In [23]: h[0]['pos'][:5]
SimArray([[16014.695, 18653.484, 17344.152],
          [16015.287, 18653.76 , 17344.148],
          [16014.757, 18653.559, 17344.63 ],
          [16015.033, 18653.219, 17344.63 ],
          [16014.662, 18653.436, 17344.777]], dtype=float32, 'kpc')

The same syntax can be used to access the particle data of subhalos. For example, to get the velocities of the first 5 particles in the first subhalo of the first halo:

In [24]: h[0].subhalos[0]['vel'][:5]
SimArray([[-76.89401 , 163.26326 ,  63.777664],
          [-83.55451 , 161.6504  ,  74.341225],
          [-87.5334  , 179.96936 ,  70.71324 ],
          [-94.90368 , 183.4485  ,  61.012352],
          [-69.53241 , 160.77155 ,  72.38382 ]], dtype=float32, 'km s**-1')

Working with large numbers of halos#

Most halo finders will produce a large number of halos. Sometimes we are only interested in accessing a few, in which case the approaches above are sufficient. If, however, we access several in a row, pynbody may issue a warning unless one first calls load_all() to load all the halo data into memory. This is because pynbody is loading the data for each halo as it is accessed, and while this is efficient for a small number of halos, it can be slow if done repeatedly.

Once in memory, the data can be accessed without further warnings. For example, to calculate the velocity dispersion in each of a number of halos, we can do:

In [25]: h.load_all()

In [26]: h[0]['vel'].std() # for one
Out[26]: SimArray(148.29068, dtype=float32, 'km s**-1')

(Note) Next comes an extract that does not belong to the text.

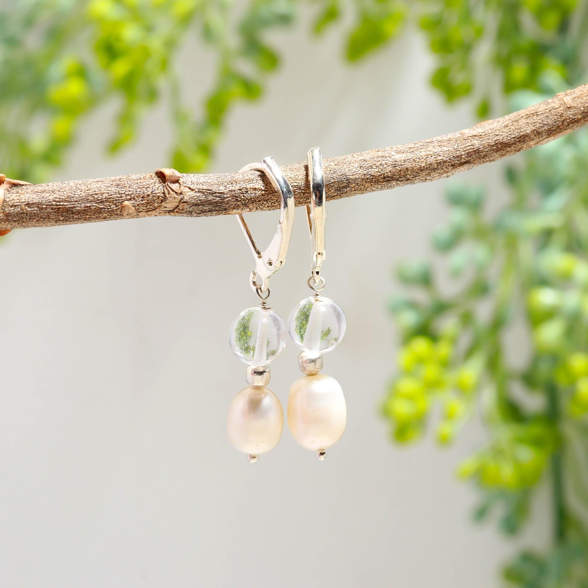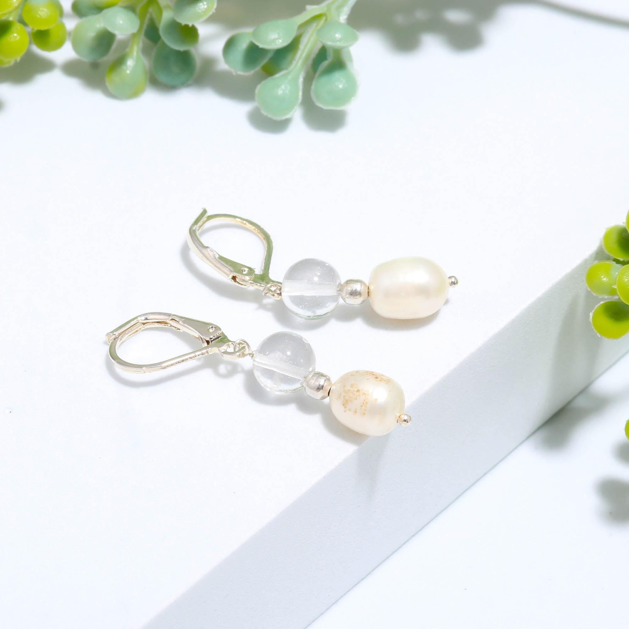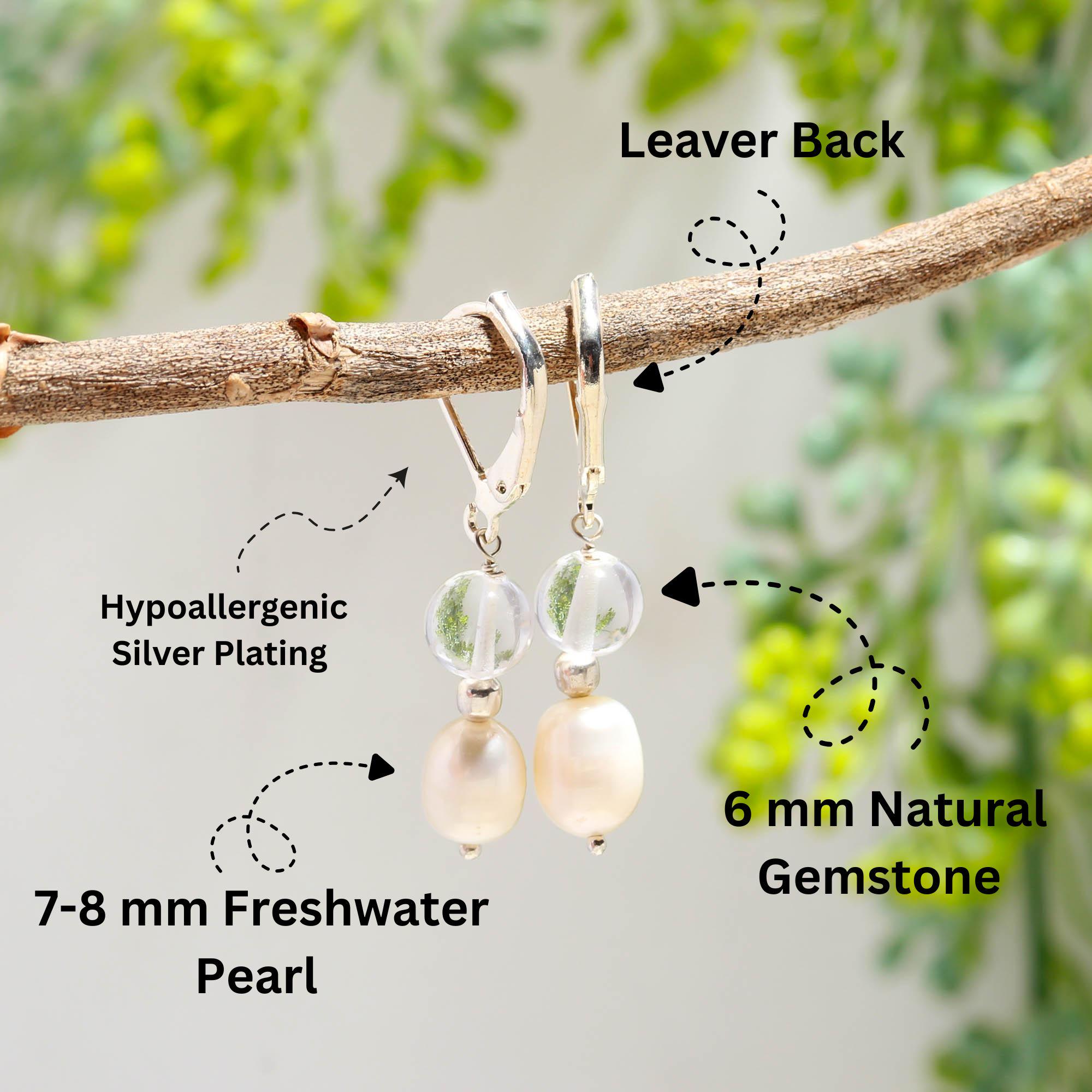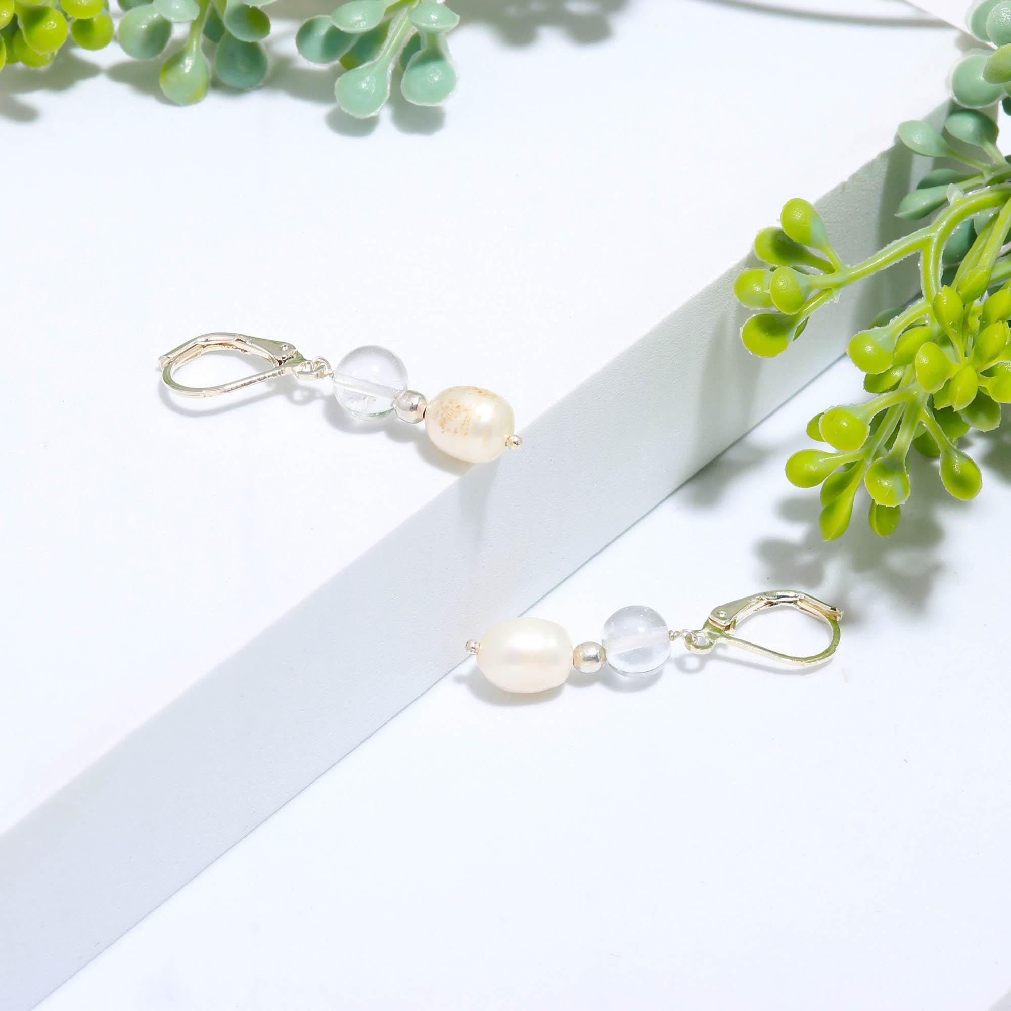 Clear quartz is celebrated for amplifying positive energy, clarity, and wellness, while pearls provide classic elegance and purity. Each pair is artisan crafted to showcase the natural brilliance and harmony of quartz and pearls.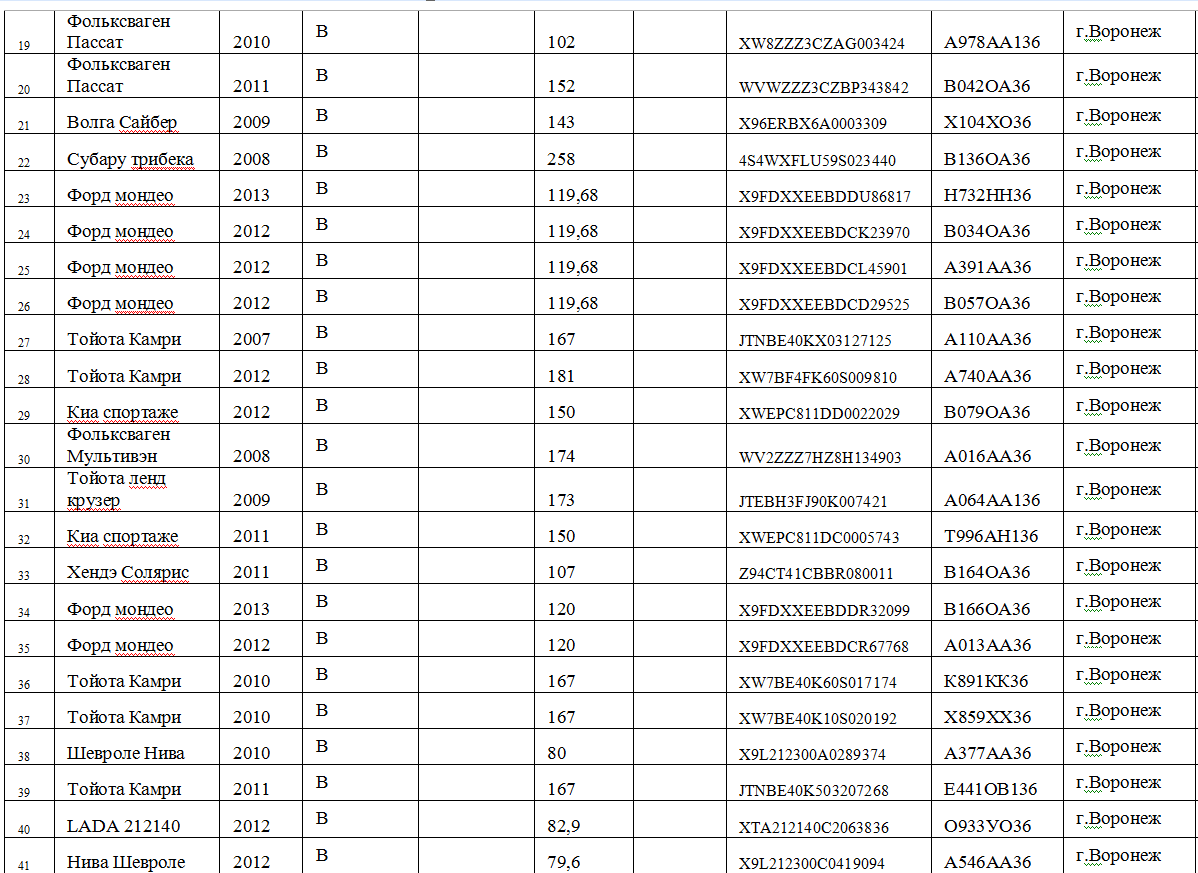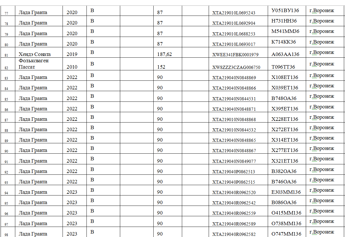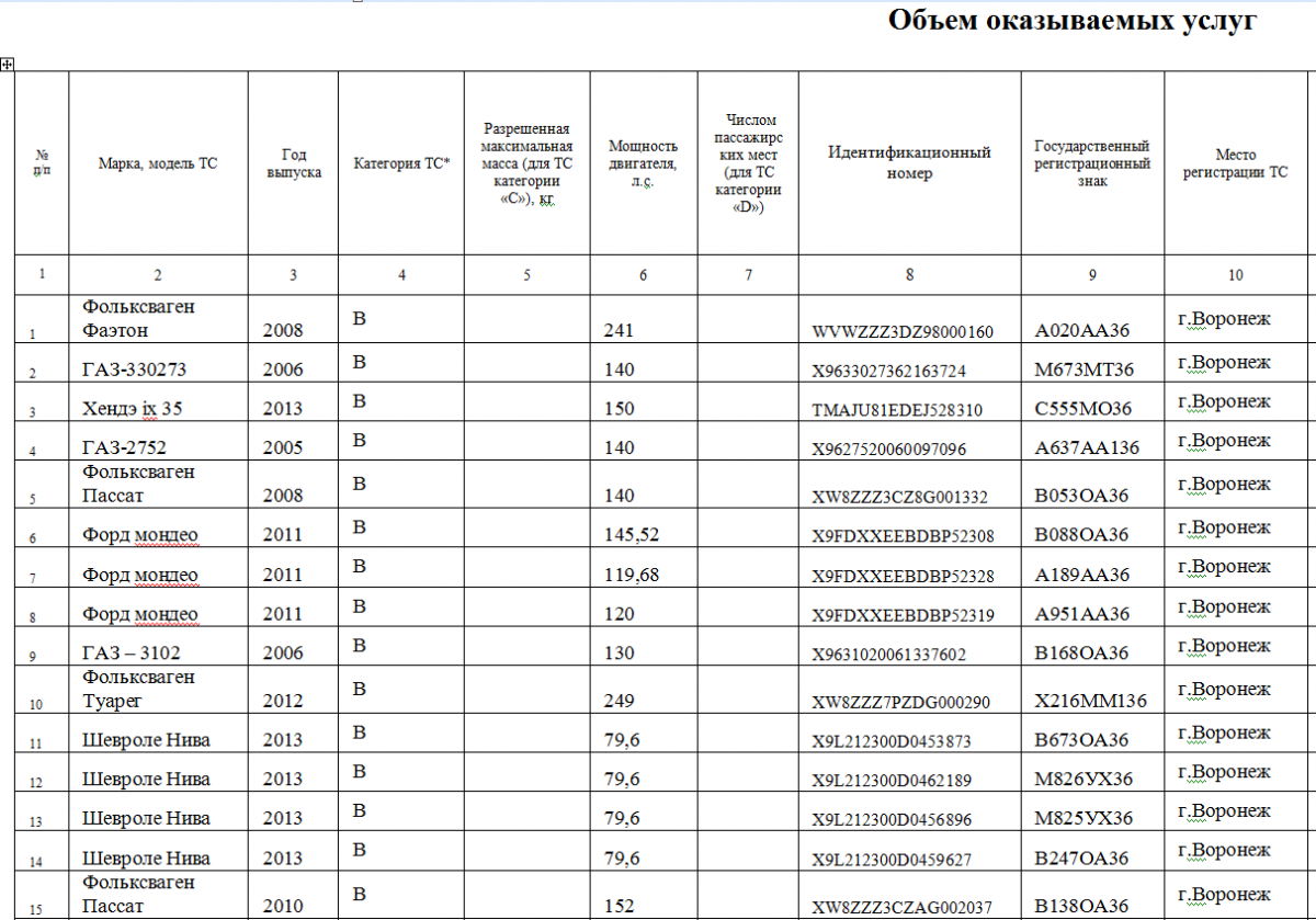 Общий список служебной автотехники мэрии Воронежа в документации выглядит так:

In [27]: v_std = [halo_i['vel'].std() for halo_i in h[:100]] # for the first 100

If we are interested in finder-calculated properties, there is an even faster way to access them without ever constructing individual halo particle data objects. For example, to get the masses of halos, we can do:

In [28]: h.get_properties_one_halo(0)['GroupMass'] # for one, without touching any particles
Out[28]: Unit("5.82e+11 Msol")

In [29]: masses = h.get_properties_all_halos()['GroupMass'][:100] # for first 100, without touching any particles

This is much faster than constructing individual halo objects, and is the recommended way to access finder-calculated properties when you are not interested in the particle data. We can now take a look at the velocity dispersion as a function of mass in this halo catalogue:

In [30]: plt.plot(masses, v_std, 'o')
Out[30]: [<matplotlib.lines.Line2D at 0x7f1993eb5050>]

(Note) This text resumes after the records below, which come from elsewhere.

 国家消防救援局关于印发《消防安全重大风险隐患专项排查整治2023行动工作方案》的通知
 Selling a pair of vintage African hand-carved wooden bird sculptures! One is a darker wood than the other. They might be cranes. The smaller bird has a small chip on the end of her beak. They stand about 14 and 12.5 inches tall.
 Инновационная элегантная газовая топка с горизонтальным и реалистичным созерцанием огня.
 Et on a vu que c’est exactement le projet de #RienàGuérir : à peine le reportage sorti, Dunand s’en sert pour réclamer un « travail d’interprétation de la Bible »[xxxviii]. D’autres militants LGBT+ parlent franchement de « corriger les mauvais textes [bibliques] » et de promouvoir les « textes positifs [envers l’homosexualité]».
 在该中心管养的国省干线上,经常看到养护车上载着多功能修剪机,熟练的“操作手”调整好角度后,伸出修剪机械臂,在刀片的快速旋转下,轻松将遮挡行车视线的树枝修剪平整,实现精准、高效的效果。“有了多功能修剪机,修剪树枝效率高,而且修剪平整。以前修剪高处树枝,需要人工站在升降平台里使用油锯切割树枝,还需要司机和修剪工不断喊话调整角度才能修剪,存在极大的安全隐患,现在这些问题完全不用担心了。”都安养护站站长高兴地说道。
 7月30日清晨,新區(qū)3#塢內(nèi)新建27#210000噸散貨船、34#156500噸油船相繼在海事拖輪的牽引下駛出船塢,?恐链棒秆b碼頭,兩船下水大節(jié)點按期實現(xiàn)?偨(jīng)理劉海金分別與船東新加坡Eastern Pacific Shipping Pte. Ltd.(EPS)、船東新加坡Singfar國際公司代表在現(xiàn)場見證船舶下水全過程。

In [31]: plt.xlabel(r'Mass / $M_{\odot}$')
Out[31]: Text(0.5, 0, 'Mass / $M_{\\odot}$')

In [32]: plt.ylabel(r'rms velocity / $\mathrm{km/s}$')
Out[32]: Text(0, 0.5, 'rms velocity / $\\mathrm{km/s}$')

In [33]: plt.loglog()
Out[33]: []


Pynbody includes infrastructure for analysing large simulations and halo catalogues using parallel processing. This is used by its sister project, tangos, which offers a way to collate and analyse halo data across different timesteps and simulations, generating rich interactive databases which can then be queried and visualised in a variety of ways.